Stored records
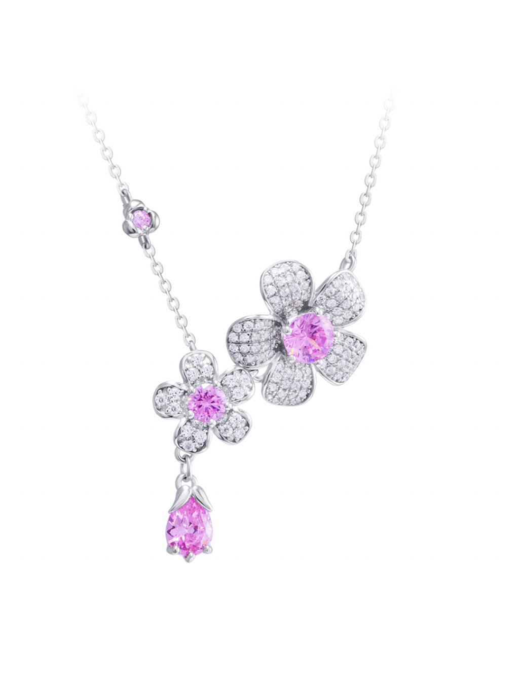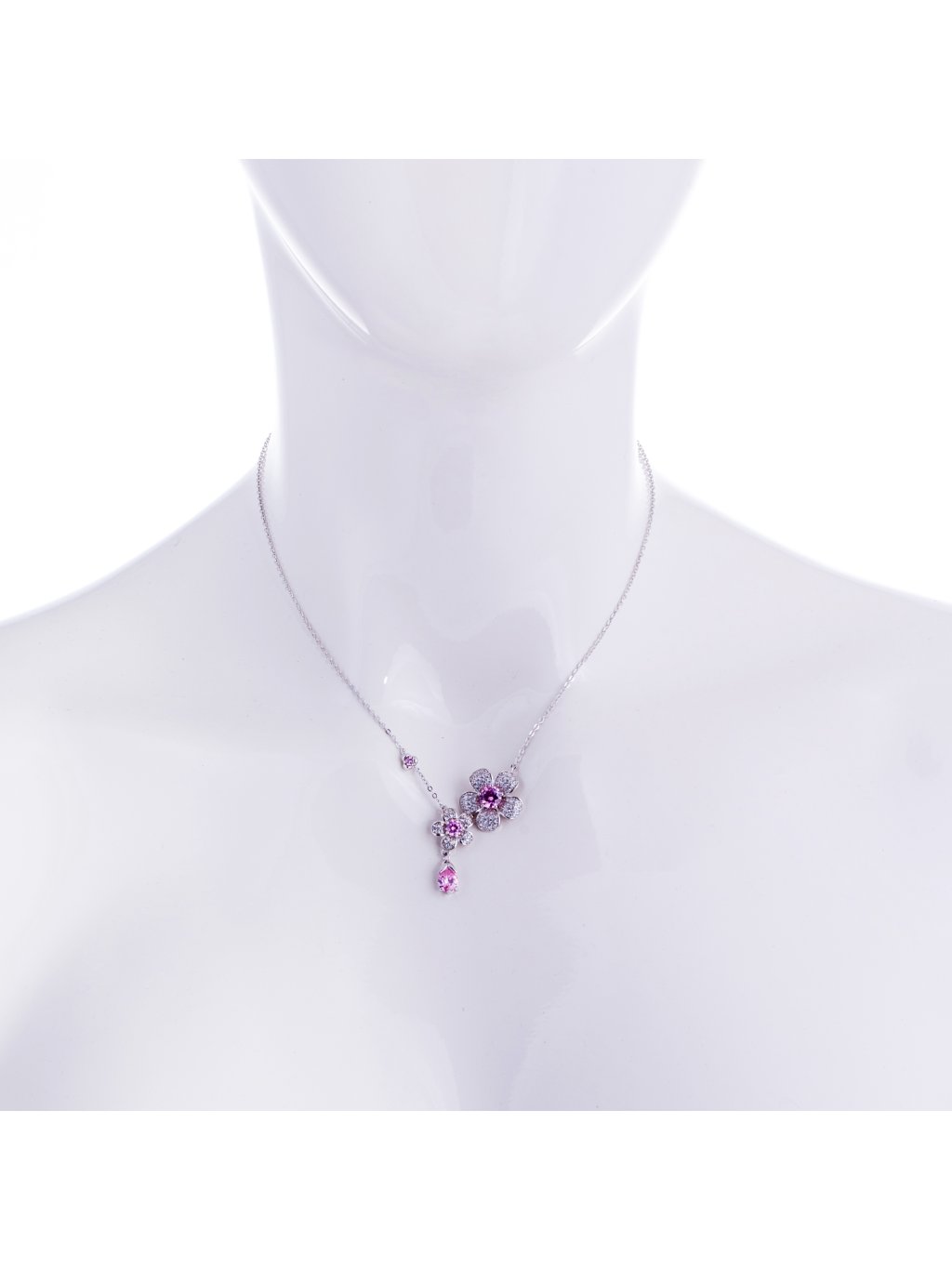 Design stříbrného šperku je lehce netradiční. Jednu jeho část tvoří rozvité květy klematisu z růžových a bílých kamenů kubické zirkonie, na straně druhé je pouze jemný řetízek dekorovaný růžovým kamenem. Celý design opticky vyrovnává růžová slza z kubické zirkonie Preciosa, která opticky prodlužuje celý stříbrný náhrdelník.
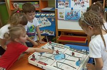 1 декабря - Всероссийский день хоккея. В это день воспитанники узнали очень много интересного о хоккеи, ознакомились с презентацией, соревновались с клюшами, поиграли хоккей. Хоккей на льду с шайбой — один из самых популярных видов спорта в нашей стране. В эту азартную игру играют и на льду во дворе, и в Ледовом Дворце спорта. Игроков в хоккей называют хоккеистами. Две команды хоккеистов на коньках на специальном ледовом поле соревнуются друг с другом в умении забивать клюшками шайбу в ворота противника. Также ребята соревновались в увлекательной игре настольного хоккея.
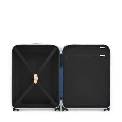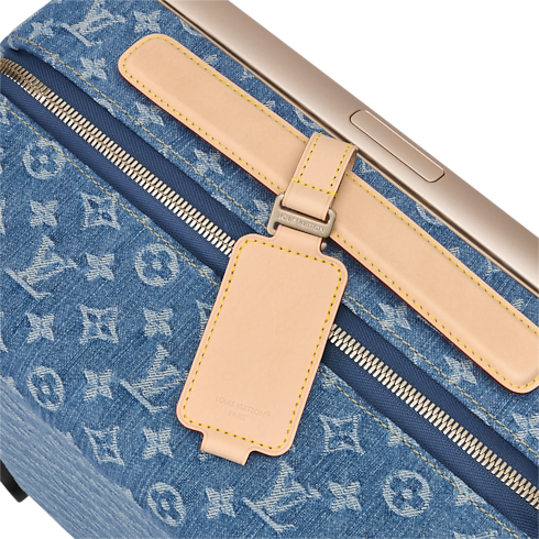 The Horizon 55 rolling suitcase is crafted from Monogram Denim, accented with natural cowhide-leather corners, top handle, and cane handle. The denim lends casual elegance to this cabin-sized piece, while its innovative exterior cane maximizes interior space. The wide cane handle and four compact wheels ensure optimum maneuverability.
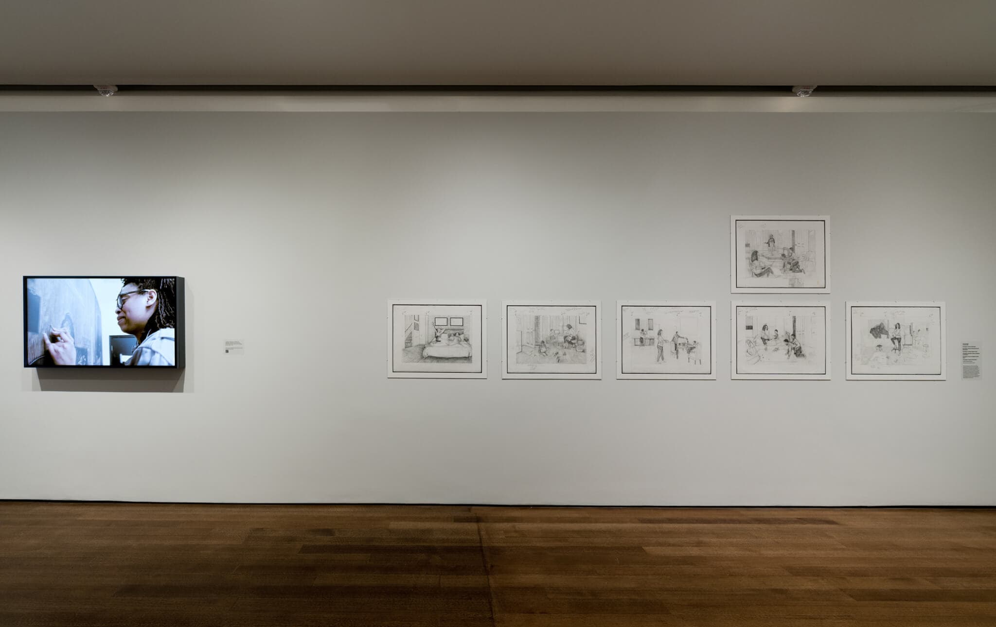 Three years later, as part of the Harvard Art Museums’ public display, “LaToya M. Hobbs: It’s Time,” all five scenes of Carving Out Time, along with their preparatory sketches, can be appreciated in concert for the first time. I met with Hobbs over Zoom after the show opened. It was a characteristically dreary day in London, while in Baltimore, Hobbs shifted around her studio in her home’s basement, willing her laptop battery to last the length of our call. It was our first time talking, but somehow I felt connected to her; Scene 5 had lingered feverishly since my first encounter with it.
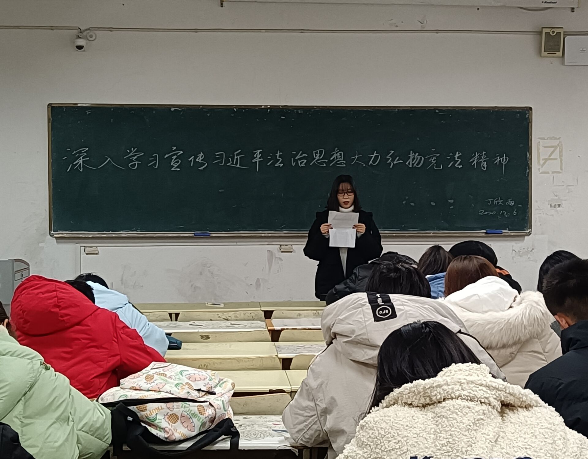 为深入学习宣传习近平法治思想,弘扬宪法精神,积极落实“12.4”国家宪法日和全国宪法宣传周活动要求,12月6日,tyc7111cc太阳成集团于教学区组织开展“深入学习宣传习近平法治思想,大力弘扬宪法精神”主题团课。2018级、2019级、2020级全体学生参加,团课由杨雨晴主持。
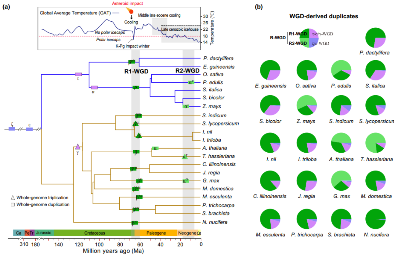 近日,Beat365中文官方网站国家重点实验室李彦、吴文武教授与比利时根特大学Yves Van de Peer院士联合在《New Phytologist》(中国科学院1区Top,IF5-yr=10.5)上发表了题为“Convergent and/or parallel evolution of RNA-binding proteins in angiosperms after polyploidization”(被子植物多倍化后RNA结合蛋白的趋同或平行进化)的研究论文。该研究主要基于拟南芥、毛果杨、苹果、番茄、大豆、山核桃、水稻、玉米、毛竹、棕榈等21个代表性被子植物,结合基因组学、转录组学、调控组学以及古气候学研究数据,揭示了在WGD后被子植物RBP基因趋同进化以适应K-Pg和晚新生代冰期的全球大降温。
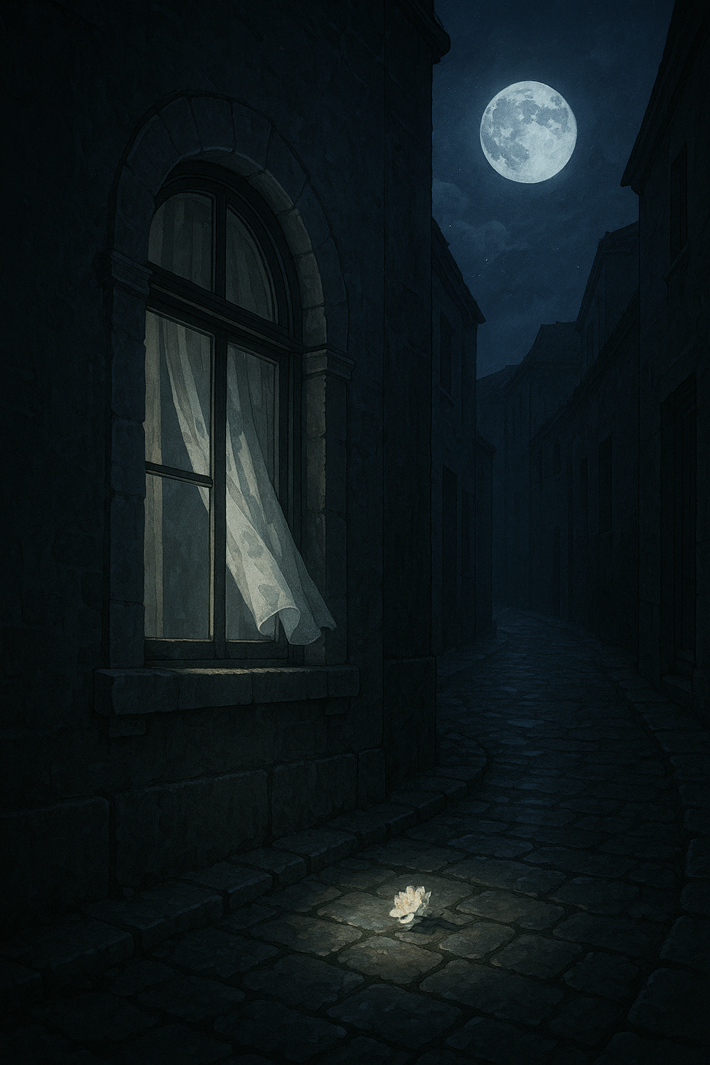 달빛 아래, 그 자리에 남겨진 국화꽃 한 송이.
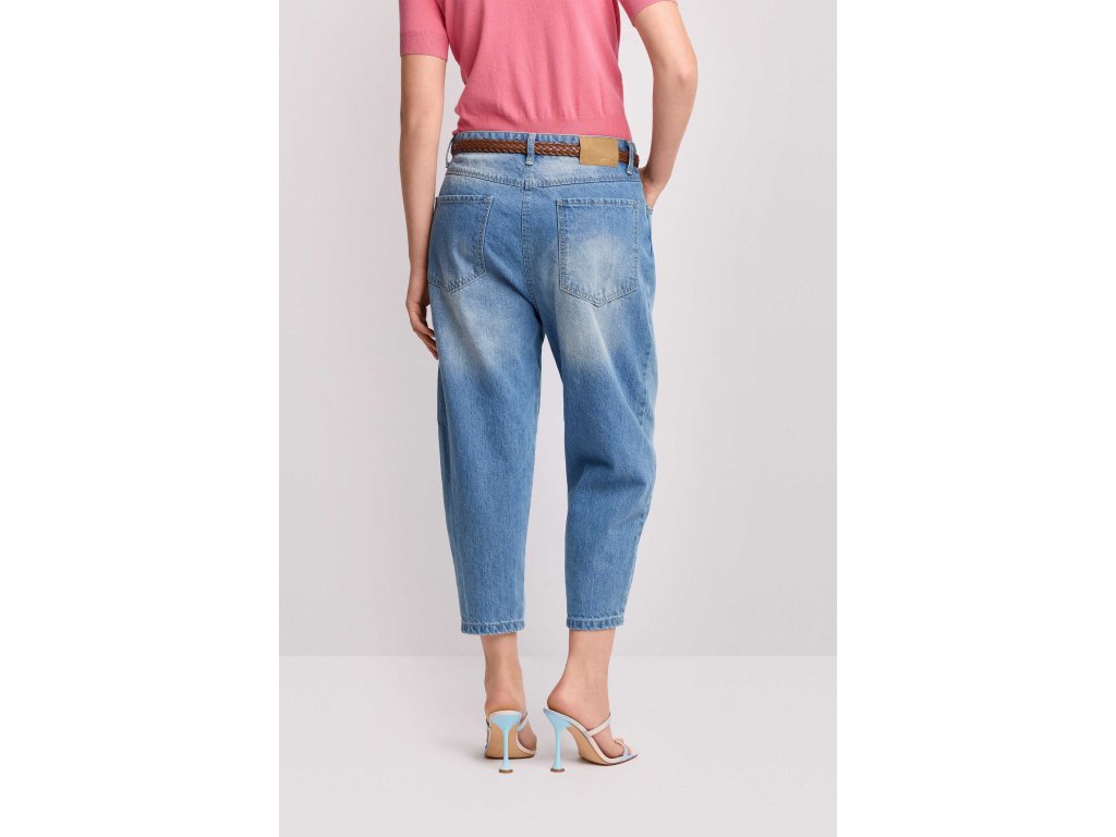 Zkrácená délka ke kotníkům. Pět kapes, poutka na opasek a nášivka s logem na zadní straně. Tyto džíny jsou vhodné pro ležérní denní outfit nebo pro elegantní večerní outfit v kombinaci se sandály na podpatku a sakem.
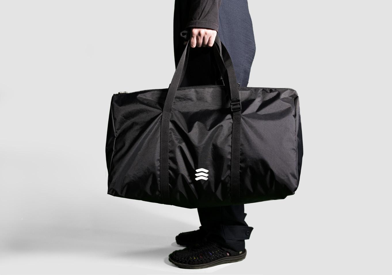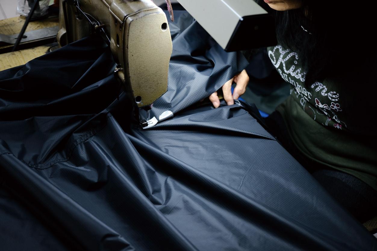 我們與帳篷製造商合作,利用防曬、防水係數高的布料來製作,選用輕量化且薄的布料讓整 體重量只有2kg。

[The problem]
Quote precisely the lines of the data from the line containing "달빛 아래, 그 자리에 남겨진 국화꽃 한 송이." through its final line, both included, excluding pictures.

[Answer]
 달빛 아래, 그 자리에 남겨진 국화꽃 한 송이.
 Zkrácená délka ke kotníkům. Pět kapes, poutka na opasek a nášivka s logem na zadní straně. Tyto džíny jsou vhodné pro ležérní denní outfit nebo pro elegantní večerní outfit v kombinaci se sandály na podpatku a sakem.
 我們與帳篷製造商合作,利用防曬、防水係數高的布料來製作,選用輕量化且薄的布料讓整 體重量只有2kg。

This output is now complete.